- Film poster
- Directed by: Richard Fleischer
- Written by: Ruth Wolff
- Produced by: Helen M. Strauss Douglas Twiddy
- Starring: Glenda Jackson Daniel Massey Douglas Wilmer David Langton Simon Williams
- Cinematography: Christopher Challis
- Edited by: John Jympson
- Music by: Elmer Bernstein
- Production company: Reader's Digest Films
- Distributed by: Cinema International Corporation
- Release date: 5 November 1976;
- Running time: 106 minutes
- Country: United Kingdom
- Language: English

= The Incredible Sarah =

1976 film

The Incredible Sarah is a 1976 British historical biographical drama film directed by Richard Fleischer and starring Glenda Jackson and Daniel Massey. It was written by Ruth Wolff and presents a dramatization of the acting career of Sarah Bernhardt.

==Plot==
Beginning in 1863, the film dramatises events in the personal life and career of Sarah Bernhardt, through her unsteady beginnings, through her job as a nurse in the Franco-Prussian War, to becoming the star of Parisian theatre.

==Cast==
- Glenda Jackson as Sarah Bernhardt
- Daniel Massey as Victorien Sardou
- Yvonne Mitchell as Mam'selle
- Douglas Wilmer as Montigny
- David Langton as Duc De Morny
- Simon Williams as Henri de Ligne
- John Castle as Damala
- Edward Judd as Jarrett
- Rosemarie Dunham as Mrs. Bernhardt
- Peter Sallis as Thierry
- Bridget Armstrong as Marie
- Margaret Courtenay as Madame Nathalie
- Maxwell Shaw as Fadinard
- Patrick Newell as Major
- Neil McCarthy as Sergeant

== Reception ==
The Monthly Film Bulletin wrote: "An incredible hodge-podge, which never achieves an intellectual grip on its subject or her significance, but does maintain a rigid directorial distance – thus missing out as well on all the usual excitements of the biopic. One of the characteristics of even Richard Fleischer's more intelligent projects is his inability to find a style which illuminates his subject rather than imprisoning it; thus the scrappy Mandingo is calcified melodrama, frozen in the act of becoming social critique. Here, where Fleischer clearly has no strong viewpoint or thesis to push, the stiff objectivity encloses Sarah Bernhardt in a kind of creaking mummery – even while celebrating her rebellion against the stuffy theatre of the second Empire."

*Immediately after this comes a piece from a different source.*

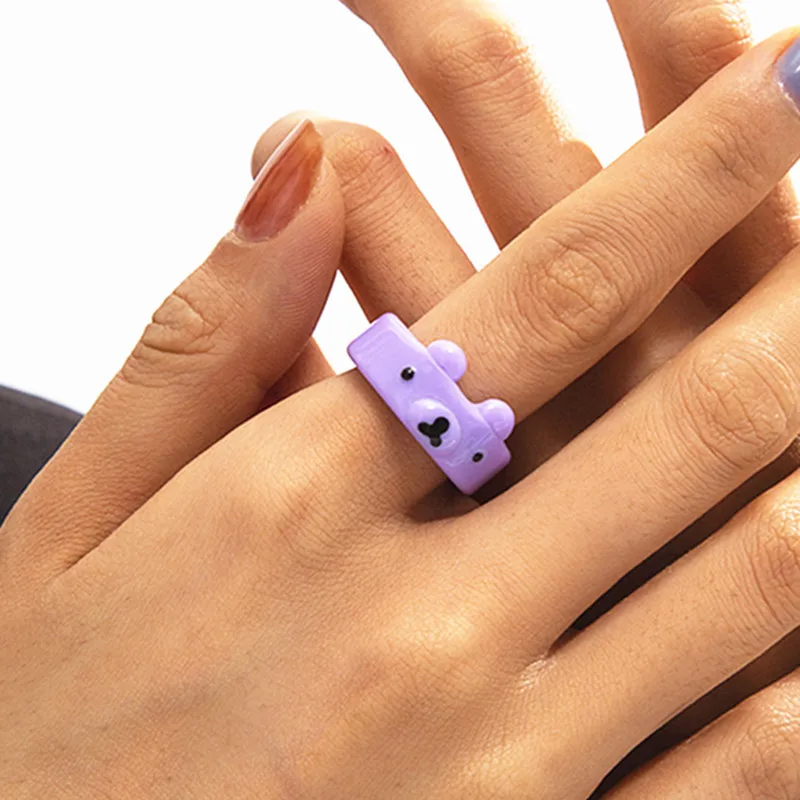2021 простые Мультяшные полимерные акриловые широкие кольца Осьминогмедведь маленькие животные для женщиндевочек милые модные ювелирные изделия карамельных цветов Подарки

Variety wrote: "The Incredible Sarah represents another achievement of Glenda Jackson, starring in the difficult title role as the willful, selfish and talented Sarah Bernhardt. Helen M. Strauss produced at Pinewood Studios this handsome and stylish Reader's Digest project which in its mounting evokes the best of David O. Selznick-George Cukor period films. Richard Fleischer's direction is effective. ... This is the story of a theatrical personality, not your average housewife. The achievement here is that Jackson makes the character comprehensible and, in a qualified way, admirable, notwithstanding the clear evidence of a totally selfcentered nature. One respects Bernhardt even though not especially wanting her in the immediate family, yet that's the point – a famous actress is not like other women."

==Awards==
The film was nominated for two Academy Awards for Best Costume Design (Anthony Mendleson) and Best Art Direction (Elliot Scott and Norman Reynolds) at the 49th Academy Awards. Glenda Jackson was also nominated for a Golden Globe Award for Best Actress in a Drama at the 34th Golden Globe Awards.